Stored records:
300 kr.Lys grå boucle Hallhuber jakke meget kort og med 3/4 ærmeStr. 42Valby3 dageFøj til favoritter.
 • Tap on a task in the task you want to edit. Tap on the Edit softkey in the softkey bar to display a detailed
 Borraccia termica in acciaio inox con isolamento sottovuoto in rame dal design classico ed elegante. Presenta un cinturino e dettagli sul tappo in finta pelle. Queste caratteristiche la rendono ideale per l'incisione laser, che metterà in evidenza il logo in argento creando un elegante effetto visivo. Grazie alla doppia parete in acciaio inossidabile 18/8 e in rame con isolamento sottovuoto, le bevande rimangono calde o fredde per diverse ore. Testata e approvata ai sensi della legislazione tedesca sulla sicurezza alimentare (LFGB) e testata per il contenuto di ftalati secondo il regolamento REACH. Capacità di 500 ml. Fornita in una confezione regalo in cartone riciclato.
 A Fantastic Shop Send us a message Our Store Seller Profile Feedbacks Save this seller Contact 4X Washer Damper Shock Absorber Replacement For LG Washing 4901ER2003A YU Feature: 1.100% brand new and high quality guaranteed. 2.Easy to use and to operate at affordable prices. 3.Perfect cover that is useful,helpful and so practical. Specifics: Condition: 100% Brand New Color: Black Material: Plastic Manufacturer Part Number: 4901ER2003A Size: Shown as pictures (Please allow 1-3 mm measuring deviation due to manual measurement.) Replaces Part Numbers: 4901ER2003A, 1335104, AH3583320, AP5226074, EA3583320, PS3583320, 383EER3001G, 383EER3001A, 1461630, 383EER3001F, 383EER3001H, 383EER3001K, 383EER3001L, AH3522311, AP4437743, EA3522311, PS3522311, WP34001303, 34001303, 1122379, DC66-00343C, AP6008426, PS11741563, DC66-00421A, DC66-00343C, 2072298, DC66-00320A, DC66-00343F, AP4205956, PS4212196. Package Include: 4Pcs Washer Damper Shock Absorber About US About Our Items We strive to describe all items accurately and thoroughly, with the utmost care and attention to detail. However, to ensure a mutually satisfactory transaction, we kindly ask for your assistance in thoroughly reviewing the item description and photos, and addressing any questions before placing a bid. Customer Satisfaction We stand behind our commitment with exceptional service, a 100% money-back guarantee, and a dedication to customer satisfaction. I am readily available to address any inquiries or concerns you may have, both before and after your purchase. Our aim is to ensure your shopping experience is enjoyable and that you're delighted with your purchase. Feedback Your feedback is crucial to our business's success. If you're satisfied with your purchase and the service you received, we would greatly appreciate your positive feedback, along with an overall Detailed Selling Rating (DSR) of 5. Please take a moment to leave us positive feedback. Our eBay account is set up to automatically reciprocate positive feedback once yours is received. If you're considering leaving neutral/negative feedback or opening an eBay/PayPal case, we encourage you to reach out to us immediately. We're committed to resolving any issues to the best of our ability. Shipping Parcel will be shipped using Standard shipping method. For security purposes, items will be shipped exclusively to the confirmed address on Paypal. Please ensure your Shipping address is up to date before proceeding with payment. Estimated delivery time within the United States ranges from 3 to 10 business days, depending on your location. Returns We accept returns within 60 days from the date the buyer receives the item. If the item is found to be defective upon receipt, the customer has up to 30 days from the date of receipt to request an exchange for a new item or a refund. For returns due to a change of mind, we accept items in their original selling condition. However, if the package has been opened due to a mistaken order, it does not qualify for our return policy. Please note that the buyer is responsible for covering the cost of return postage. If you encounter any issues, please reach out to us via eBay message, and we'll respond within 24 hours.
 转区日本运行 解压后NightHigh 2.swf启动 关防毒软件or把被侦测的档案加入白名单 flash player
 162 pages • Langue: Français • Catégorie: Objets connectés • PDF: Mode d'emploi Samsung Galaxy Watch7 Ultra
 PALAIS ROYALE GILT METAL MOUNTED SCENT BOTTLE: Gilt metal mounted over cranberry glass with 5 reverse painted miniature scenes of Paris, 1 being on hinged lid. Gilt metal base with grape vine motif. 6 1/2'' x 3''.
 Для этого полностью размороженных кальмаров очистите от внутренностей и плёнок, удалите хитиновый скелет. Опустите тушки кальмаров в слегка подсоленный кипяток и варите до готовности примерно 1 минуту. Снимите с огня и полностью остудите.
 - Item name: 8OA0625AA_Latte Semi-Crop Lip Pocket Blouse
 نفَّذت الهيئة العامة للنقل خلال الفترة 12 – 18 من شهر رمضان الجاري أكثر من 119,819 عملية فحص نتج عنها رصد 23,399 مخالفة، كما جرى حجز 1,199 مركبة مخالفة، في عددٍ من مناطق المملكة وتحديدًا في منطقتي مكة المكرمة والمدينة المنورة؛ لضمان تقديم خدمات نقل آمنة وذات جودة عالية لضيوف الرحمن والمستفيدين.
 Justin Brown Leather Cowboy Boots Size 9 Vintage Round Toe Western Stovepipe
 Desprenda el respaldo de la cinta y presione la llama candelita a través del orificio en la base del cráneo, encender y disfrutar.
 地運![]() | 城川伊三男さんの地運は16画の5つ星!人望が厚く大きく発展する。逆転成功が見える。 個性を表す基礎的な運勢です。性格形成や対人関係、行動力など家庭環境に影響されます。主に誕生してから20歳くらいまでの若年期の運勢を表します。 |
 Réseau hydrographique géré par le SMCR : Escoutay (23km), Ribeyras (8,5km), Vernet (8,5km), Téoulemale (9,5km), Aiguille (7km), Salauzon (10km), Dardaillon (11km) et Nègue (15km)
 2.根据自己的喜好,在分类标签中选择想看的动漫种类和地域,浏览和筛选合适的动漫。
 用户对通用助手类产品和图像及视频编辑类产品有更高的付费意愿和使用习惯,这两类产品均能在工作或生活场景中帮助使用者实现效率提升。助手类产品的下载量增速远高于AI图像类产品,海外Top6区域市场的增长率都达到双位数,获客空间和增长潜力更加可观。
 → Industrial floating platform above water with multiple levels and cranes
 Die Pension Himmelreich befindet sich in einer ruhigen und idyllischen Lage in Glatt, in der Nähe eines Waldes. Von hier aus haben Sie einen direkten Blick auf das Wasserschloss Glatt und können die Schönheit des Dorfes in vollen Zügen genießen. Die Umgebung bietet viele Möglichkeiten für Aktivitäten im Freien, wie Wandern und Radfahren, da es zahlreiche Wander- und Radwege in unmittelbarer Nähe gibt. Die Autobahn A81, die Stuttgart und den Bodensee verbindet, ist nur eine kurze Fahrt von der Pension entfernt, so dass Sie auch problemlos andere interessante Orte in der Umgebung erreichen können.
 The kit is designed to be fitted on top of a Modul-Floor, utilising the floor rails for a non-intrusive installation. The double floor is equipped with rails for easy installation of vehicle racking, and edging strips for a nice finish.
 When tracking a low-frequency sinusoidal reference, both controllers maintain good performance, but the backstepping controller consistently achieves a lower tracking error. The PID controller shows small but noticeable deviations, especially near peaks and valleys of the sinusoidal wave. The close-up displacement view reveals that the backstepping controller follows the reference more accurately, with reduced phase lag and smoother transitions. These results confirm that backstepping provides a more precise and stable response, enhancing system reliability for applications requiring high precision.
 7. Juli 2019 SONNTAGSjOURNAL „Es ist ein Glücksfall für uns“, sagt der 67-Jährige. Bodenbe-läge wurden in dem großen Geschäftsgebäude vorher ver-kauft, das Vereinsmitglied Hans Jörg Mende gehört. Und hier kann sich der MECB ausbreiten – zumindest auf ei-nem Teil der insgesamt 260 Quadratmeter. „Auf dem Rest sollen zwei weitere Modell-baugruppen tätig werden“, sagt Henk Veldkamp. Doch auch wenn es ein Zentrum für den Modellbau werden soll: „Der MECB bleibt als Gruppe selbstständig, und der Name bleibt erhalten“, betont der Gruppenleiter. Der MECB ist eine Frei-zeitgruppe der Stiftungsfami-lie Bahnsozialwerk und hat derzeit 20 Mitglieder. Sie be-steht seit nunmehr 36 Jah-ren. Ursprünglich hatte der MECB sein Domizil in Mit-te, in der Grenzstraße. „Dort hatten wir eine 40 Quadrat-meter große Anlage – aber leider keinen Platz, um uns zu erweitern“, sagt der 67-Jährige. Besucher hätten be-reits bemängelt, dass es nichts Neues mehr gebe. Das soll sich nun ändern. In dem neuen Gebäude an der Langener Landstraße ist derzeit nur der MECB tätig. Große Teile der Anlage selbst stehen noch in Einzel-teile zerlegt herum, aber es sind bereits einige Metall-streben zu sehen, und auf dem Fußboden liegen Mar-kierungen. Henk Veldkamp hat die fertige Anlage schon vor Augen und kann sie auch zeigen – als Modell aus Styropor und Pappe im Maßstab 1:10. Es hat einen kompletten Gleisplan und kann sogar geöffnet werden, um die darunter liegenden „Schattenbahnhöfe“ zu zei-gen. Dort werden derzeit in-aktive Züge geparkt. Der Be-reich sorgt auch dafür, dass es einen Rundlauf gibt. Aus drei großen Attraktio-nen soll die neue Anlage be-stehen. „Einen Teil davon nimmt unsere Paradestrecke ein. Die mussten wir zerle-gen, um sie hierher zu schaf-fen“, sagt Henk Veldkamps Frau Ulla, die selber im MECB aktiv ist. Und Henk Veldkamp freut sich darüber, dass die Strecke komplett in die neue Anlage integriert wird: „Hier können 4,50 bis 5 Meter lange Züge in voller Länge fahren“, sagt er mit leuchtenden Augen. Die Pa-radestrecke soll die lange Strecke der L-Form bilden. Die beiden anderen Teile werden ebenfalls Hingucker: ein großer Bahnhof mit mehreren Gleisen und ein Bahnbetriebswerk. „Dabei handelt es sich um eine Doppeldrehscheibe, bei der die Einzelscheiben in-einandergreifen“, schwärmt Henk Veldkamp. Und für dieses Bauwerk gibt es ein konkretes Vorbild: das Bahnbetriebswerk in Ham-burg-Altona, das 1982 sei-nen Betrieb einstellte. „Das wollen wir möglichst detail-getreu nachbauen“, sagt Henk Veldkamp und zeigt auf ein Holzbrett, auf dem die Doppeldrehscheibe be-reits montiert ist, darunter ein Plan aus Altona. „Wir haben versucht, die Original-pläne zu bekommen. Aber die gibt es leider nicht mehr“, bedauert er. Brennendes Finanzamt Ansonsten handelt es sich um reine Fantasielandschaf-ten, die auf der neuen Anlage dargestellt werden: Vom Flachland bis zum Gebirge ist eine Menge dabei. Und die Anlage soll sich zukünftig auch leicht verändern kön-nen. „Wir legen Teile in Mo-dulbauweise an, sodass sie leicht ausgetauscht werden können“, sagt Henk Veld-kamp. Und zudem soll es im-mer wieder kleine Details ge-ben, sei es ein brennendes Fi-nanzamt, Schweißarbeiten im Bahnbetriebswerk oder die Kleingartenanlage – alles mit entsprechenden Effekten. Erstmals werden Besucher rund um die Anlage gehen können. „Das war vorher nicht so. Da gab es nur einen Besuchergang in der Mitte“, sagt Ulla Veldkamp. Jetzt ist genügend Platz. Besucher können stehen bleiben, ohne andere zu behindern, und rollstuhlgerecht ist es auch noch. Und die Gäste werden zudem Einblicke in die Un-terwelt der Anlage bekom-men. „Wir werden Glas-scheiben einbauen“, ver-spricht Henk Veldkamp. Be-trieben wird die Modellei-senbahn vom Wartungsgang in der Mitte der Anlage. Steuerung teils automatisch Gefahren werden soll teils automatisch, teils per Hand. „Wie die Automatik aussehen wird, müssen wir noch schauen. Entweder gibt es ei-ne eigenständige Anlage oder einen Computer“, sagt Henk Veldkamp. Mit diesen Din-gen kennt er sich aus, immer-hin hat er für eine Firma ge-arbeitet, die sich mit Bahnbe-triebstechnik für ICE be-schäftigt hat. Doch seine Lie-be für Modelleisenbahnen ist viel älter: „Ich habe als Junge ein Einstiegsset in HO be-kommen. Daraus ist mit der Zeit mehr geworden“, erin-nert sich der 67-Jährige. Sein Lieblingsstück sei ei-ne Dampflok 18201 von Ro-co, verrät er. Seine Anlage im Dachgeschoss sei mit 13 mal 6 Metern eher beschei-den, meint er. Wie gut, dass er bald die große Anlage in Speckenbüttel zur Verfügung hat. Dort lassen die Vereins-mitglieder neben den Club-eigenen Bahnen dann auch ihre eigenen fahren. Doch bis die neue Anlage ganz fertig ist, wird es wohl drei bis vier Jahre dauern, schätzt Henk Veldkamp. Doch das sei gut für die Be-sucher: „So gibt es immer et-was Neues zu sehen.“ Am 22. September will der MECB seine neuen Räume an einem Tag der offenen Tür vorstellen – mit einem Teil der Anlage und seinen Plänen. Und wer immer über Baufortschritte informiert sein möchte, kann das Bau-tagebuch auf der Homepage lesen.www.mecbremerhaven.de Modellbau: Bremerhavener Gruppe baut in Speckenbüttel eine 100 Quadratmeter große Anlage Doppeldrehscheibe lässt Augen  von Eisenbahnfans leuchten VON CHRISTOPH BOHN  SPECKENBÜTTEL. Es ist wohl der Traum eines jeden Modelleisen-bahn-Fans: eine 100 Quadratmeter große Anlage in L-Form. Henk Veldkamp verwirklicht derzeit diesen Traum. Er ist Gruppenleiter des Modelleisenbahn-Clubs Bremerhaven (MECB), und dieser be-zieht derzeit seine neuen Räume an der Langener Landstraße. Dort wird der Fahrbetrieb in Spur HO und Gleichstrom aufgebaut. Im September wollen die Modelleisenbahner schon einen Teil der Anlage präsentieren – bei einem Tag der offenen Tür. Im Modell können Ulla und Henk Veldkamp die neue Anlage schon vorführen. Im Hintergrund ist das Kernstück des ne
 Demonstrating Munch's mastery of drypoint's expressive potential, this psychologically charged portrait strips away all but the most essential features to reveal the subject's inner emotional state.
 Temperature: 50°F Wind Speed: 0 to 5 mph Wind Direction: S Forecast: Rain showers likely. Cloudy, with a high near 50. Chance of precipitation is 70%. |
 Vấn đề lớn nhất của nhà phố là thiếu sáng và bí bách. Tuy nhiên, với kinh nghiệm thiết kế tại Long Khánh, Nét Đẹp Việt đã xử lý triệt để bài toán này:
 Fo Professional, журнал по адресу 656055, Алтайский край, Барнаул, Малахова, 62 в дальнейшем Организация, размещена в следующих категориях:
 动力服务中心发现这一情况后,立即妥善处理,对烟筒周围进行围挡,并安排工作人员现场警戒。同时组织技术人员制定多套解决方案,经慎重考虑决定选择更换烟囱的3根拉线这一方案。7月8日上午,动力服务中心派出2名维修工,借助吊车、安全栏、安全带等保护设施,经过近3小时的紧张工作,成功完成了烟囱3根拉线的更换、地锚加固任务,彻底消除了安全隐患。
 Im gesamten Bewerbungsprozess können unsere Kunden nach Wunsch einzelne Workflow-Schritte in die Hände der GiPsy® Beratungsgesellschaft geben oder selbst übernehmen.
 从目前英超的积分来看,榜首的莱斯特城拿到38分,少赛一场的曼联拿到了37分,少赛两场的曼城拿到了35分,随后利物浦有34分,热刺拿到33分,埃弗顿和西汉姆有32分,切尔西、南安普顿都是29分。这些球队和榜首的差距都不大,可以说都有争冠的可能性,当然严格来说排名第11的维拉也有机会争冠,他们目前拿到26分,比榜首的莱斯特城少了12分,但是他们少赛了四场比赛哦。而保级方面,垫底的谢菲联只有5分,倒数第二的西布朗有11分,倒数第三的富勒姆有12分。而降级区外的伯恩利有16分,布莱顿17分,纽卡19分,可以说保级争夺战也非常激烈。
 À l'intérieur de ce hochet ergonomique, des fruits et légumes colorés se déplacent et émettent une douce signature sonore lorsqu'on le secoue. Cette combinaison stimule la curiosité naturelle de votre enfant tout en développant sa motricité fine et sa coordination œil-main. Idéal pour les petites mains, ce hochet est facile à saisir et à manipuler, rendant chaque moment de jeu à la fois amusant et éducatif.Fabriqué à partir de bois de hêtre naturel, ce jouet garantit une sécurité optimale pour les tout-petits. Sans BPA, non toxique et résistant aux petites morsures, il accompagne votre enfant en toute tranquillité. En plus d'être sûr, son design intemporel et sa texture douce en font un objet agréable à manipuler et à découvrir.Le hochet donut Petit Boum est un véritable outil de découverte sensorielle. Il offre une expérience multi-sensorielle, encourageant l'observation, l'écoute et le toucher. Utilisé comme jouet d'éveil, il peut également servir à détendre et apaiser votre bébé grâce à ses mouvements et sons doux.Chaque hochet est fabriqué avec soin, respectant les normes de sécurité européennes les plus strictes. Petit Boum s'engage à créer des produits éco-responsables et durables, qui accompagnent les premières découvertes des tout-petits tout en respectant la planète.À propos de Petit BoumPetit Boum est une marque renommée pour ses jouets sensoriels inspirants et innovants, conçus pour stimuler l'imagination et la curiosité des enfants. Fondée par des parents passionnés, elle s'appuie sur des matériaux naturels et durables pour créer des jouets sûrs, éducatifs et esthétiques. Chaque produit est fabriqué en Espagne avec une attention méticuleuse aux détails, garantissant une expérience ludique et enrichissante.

→ **WHAT THE TASK ASKS**
Looking at the entries above, state the number of lines that contain "base" and add nothing more.

→ **SOLUTION FOR THIS EXERCISE**
2